- What you will do
Each line starting at the one that contains "岚头矶工艺陶器厂厂长李普法、" and ending at the one that contains "For rent, a" must be returned exactly, and the rest of the listing is left out.

- Source material
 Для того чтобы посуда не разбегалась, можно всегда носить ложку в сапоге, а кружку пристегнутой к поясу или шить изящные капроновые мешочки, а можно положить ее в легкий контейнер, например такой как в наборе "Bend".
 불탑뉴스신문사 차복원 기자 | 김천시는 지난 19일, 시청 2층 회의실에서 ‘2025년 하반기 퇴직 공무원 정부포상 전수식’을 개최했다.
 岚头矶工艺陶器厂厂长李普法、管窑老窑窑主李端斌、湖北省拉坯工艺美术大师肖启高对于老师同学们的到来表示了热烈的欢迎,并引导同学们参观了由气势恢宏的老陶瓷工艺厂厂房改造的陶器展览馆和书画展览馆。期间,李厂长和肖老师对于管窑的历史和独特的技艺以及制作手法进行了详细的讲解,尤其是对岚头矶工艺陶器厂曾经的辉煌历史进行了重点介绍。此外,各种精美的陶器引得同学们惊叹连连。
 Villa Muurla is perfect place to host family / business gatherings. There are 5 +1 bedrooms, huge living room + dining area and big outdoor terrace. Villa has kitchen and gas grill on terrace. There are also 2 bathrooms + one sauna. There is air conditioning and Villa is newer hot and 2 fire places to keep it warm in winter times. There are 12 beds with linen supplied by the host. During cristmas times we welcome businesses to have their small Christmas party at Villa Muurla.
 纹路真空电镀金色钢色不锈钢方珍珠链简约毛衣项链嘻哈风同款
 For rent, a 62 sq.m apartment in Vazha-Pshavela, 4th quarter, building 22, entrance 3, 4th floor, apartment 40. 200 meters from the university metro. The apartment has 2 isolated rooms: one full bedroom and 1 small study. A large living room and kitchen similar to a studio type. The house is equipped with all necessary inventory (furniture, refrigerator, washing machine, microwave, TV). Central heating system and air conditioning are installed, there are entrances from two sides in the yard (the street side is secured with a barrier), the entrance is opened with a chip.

* * *

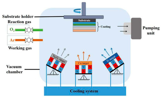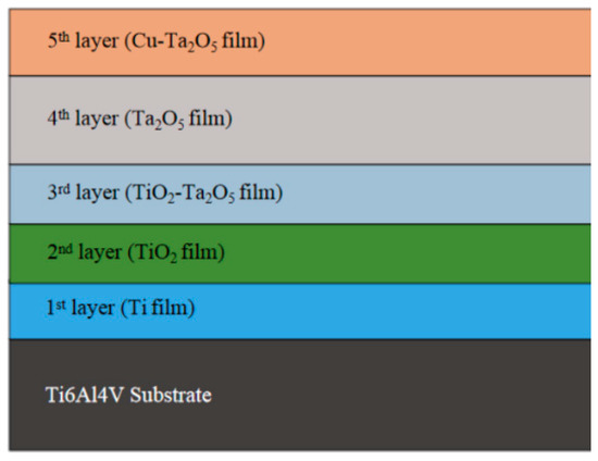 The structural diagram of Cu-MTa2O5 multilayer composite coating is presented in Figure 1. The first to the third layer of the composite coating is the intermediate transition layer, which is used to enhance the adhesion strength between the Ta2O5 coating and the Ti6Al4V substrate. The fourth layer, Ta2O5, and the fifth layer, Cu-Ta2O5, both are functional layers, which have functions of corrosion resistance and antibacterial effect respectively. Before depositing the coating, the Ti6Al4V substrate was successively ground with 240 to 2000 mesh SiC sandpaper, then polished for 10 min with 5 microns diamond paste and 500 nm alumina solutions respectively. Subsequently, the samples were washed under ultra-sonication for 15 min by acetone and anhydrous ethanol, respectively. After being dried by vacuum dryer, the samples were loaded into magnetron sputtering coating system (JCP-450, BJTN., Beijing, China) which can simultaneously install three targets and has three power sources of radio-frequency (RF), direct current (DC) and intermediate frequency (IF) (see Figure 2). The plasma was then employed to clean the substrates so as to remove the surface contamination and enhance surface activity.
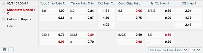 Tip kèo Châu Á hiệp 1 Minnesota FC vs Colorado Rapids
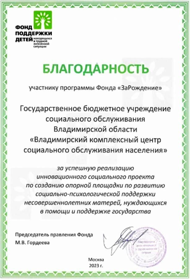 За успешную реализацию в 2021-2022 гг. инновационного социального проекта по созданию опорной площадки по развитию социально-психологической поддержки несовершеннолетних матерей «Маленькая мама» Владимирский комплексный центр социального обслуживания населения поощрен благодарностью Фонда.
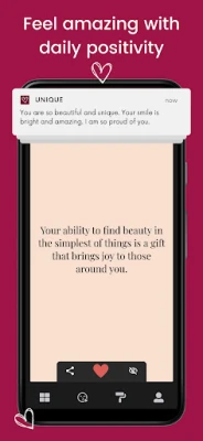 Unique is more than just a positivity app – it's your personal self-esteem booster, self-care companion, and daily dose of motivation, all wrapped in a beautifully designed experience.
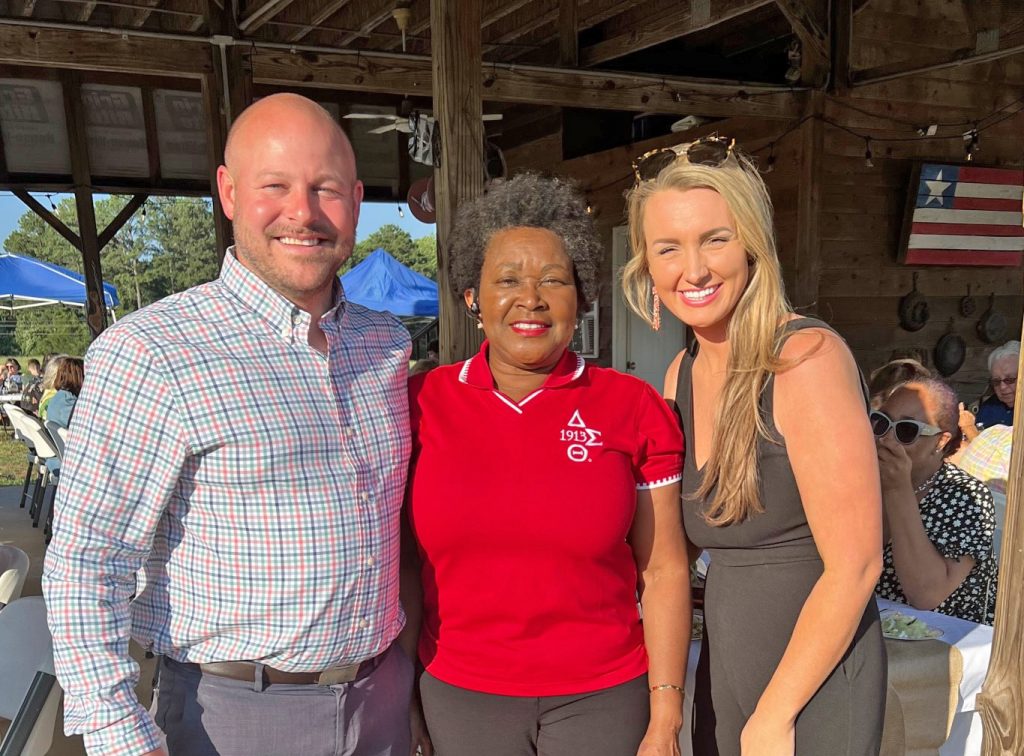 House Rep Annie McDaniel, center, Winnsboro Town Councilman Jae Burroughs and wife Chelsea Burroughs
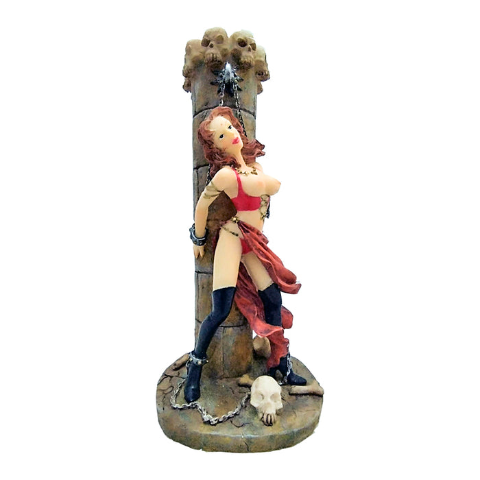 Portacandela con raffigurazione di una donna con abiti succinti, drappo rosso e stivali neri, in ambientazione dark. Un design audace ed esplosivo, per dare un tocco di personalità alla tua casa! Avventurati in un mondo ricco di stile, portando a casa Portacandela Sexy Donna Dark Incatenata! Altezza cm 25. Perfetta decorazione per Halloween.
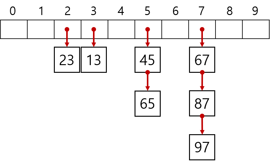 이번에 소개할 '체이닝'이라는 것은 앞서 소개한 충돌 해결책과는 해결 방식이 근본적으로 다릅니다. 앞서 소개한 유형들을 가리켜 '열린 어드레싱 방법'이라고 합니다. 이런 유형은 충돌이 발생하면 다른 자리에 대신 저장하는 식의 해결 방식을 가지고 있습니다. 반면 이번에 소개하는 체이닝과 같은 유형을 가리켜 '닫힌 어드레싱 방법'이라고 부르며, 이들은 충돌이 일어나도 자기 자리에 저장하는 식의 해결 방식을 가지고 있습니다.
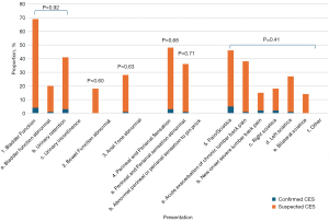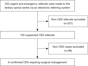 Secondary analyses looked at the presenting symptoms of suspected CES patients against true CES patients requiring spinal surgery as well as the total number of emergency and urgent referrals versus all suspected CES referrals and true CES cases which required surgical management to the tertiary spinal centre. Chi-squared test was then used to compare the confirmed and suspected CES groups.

--

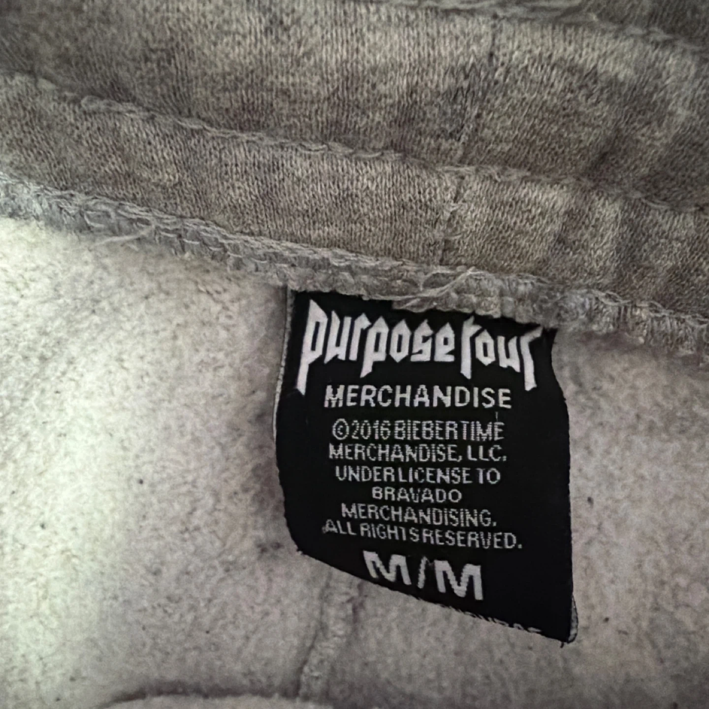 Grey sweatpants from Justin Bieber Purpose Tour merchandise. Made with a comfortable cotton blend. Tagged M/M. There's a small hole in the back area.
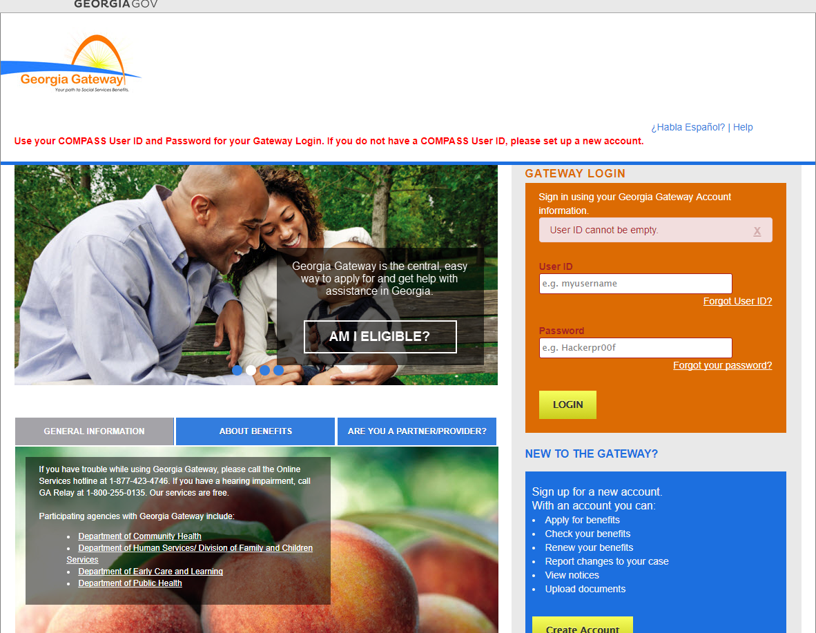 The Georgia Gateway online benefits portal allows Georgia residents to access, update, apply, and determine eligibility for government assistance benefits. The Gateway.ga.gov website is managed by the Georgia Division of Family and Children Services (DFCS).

- Completed exercise
 岚头矶工艺陶器厂厂长李普法、管窑老窑窑主李端斌、湖北省拉坯工艺美术大师肖启高对于老师同学们的到来表示了热烈的欢迎,并引导同学们参观了由气势恢宏的老陶瓷工艺厂厂房改造的陶器展览馆和书画展览馆。期间,李厂长和肖老师对于管窑的历史和独特的技艺以及制作手法进行了详细的讲解,尤其是对岚头矶工艺陶器厂曾经的辉煌历史进行了重点介绍。此外,各种精美的陶器引得同学们惊叹连连。
 Villa Muurla is perfect place to host family / business gatherings. There are 5 +1 bedrooms, huge living room + dining area and big outdoor terrace. Villa has kitchen and gas grill on terrace. There are also 2 bathrooms + one sauna. There is air conditioning and Villa is newer hot and 2 fire places to keep it warm in winter times. There are 12 beds with linen supplied by the host. During cristmas times we welcome businesses to have their small Christmas party at Villa Muurla.
 纹路真空电镀金色钢色不锈钢方珍珠链简约毛衣项链嘻哈风同款
 For rent, a 62 sq.m apartment in Vazha-Pshavela, 4th quarter, building 22, entrance 3, 4th floor, apartment 40. 200 meters from the university metro. The apartment has 2 isolated rooms: one full bedroom and 1 small study. A large living room and kitchen similar to a studio type. The house is equipped with all necessary inventory (furniture, refrigerator, washing machine, microwave, TV). Central heating system and air conditioning are installed, there are entrances from two sides in the yard (the street side is secured with a barrier), the entrance is opened with a chip.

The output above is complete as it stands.